--- RECORDS PROVIDED Enclosed Below ---

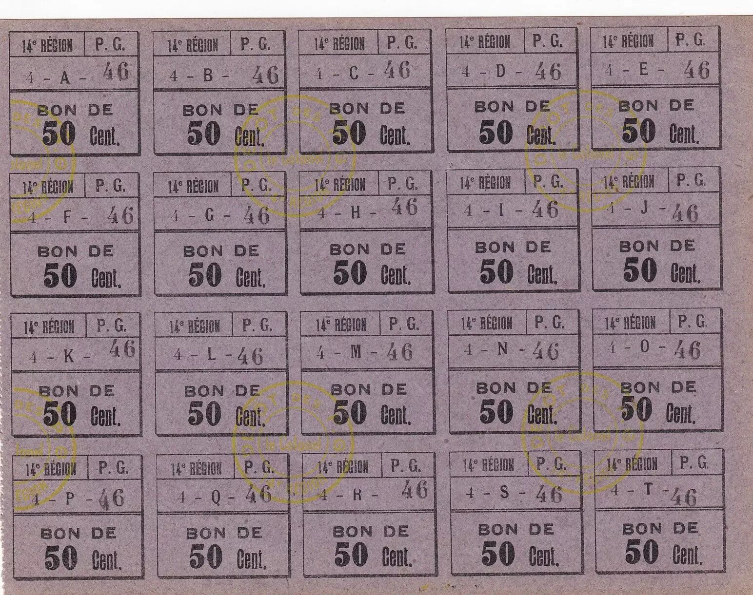 Accueil > Archivage > archivage-Billets Français > France Planche 50 cent x 20 ex - Prisonniers de guerre - 14ème région - Lyon - Première Guerre Mondiale
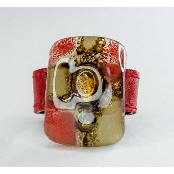 Кольцо женское из муранского стекла красного, коричневого цвета, на шинке из натуральной кожи красного цвета. Высота кольца-3,5см, ширина-2,0см. Размер-18,0.
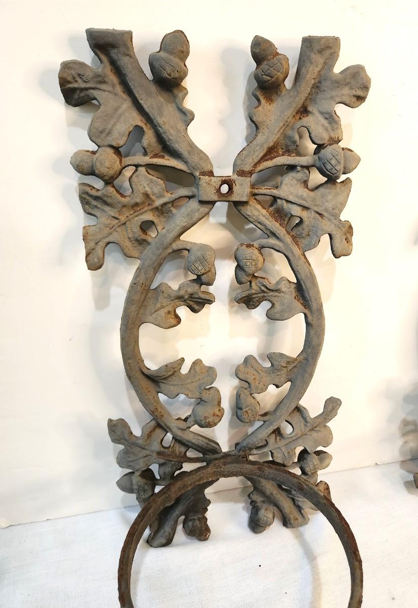 Nice matched pair of vintage cast iron pot holders - Acorn accents. Each 17" tall, 8" across - measures 6.5" across ring. Vintage condition.
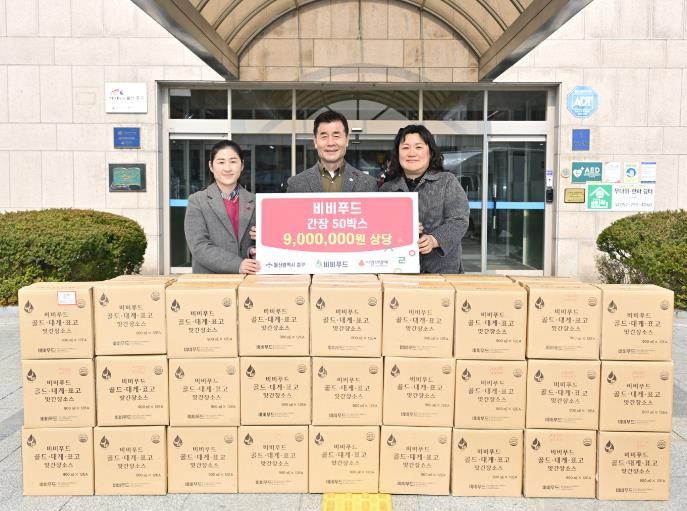 인사이드피플 노재현 기자 | 비비푸드가 3월 17일 오전 11시 중구청 구청장실을 찾아 울산사회복지공동모금회를 통해 이웃돕기 후원 물품으로 900만 원 상당의 배로 만든 간장 600병을 전달했다.
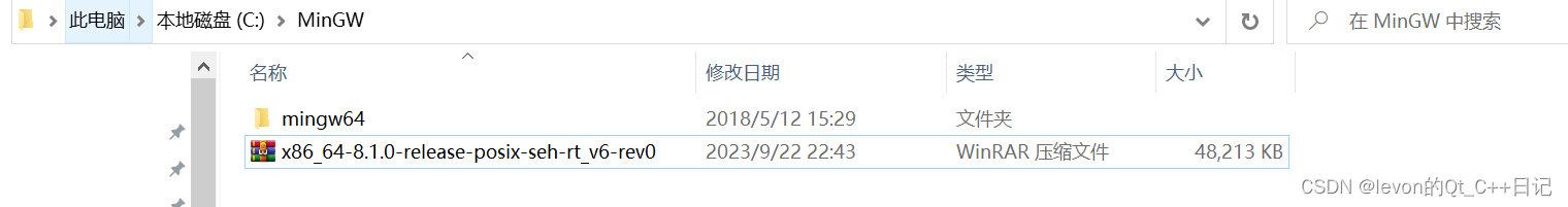 4、将下载的压缩包放到任意位置上进行解压,这里我在C盘上创建一个新路径MinGW,然后放在这个下面,解压后如下图所示
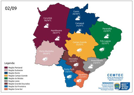 Em Corumbá, na região pantaneira, a mínima será de 28°C e máxima de 36°C; Aquidauana terá variação entre 28°C e 37°C. No sudoeste, Porto Murtinho amanhece com 29°C e atinge os 39°C. No norte, Coxim terá 26°C cedo e alcançará os 36°C ao longo do dia. No Bolsão, Três Lagoas registra 22°C pela manhã e 35°C de tarde.
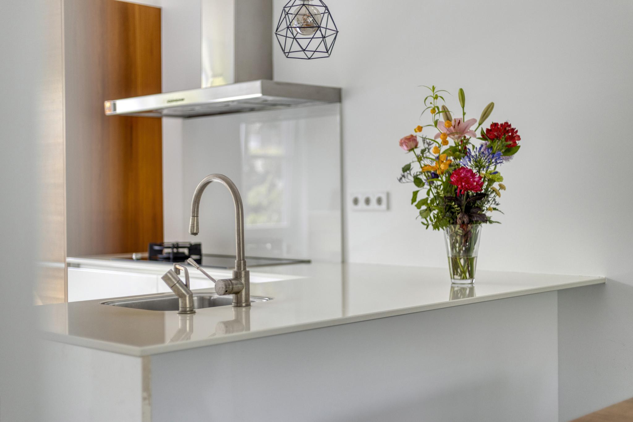 De luxe designkeuken beschikt over een kookeiland met quooker, een 4-pits inductiekookplaat met aparte gaswokbrander, een RVS-afzuigkap, combi-oven/magnetron, koelkast/vriezer en een vaatwasser (vernieuwd in 2025).
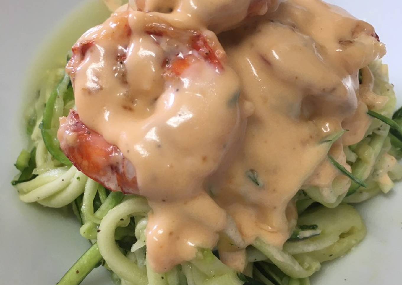 Espaguetis de calabacín con salsa de nata y gambones (keto)
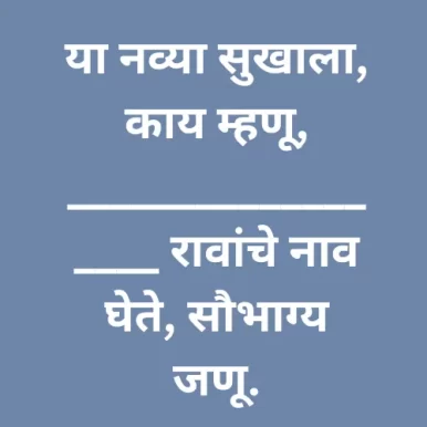 या नव्या सुखाला, काय म्हणू, __________________ रावांचे नाव घेते, सौभाग्य जणू.
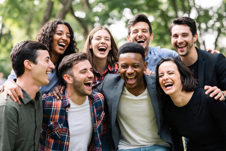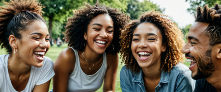 Group of diverse friends laughing and having fun together in the park.
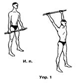 1. И.п. - стоя, ноги на ширине плеч, в руках гимнастическая палка. Прокрутить палку назад через верх, при этом руки остаются прямые. Расстояние между руками при хвате в начале выполнения комплекса больше, затем при освоении комплекса и в дальнейшем расстояние между руками должно уменьшаться. Повторять 10 раз.
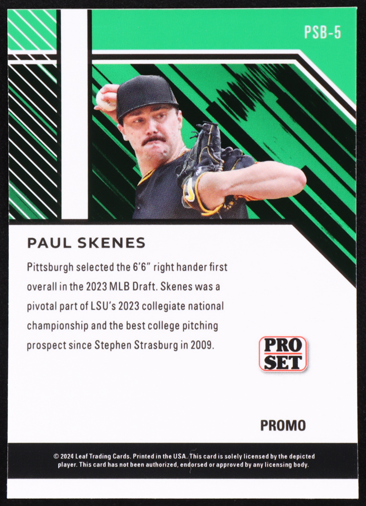 Paul Skenes 2024 Leaf Pro Set Promos Blue Shimmer #PSB5 RC

--- End of Enclosed RECORDS PROVIDED ---

• [WHAT IS REQUIRED]
Among the entries above, find the line with "De luxe designkeuken" and repeat exactly from there through the line with "Espaguetis de calabacín", leaving out the pictures.

• [FINAL ANSWER]
 De luxe designkeuken beschikt over een kookeiland met quooker, een 4-pits inductiekookplaat met aparte gaswokbrander, een RVS-afzuigkap, combi-oven/magnetron, koelkast/vriezer en een vaatwasser (vernieuwd in 2025).
 Espaguetis de calabacín con salsa de nata y gambones (keto)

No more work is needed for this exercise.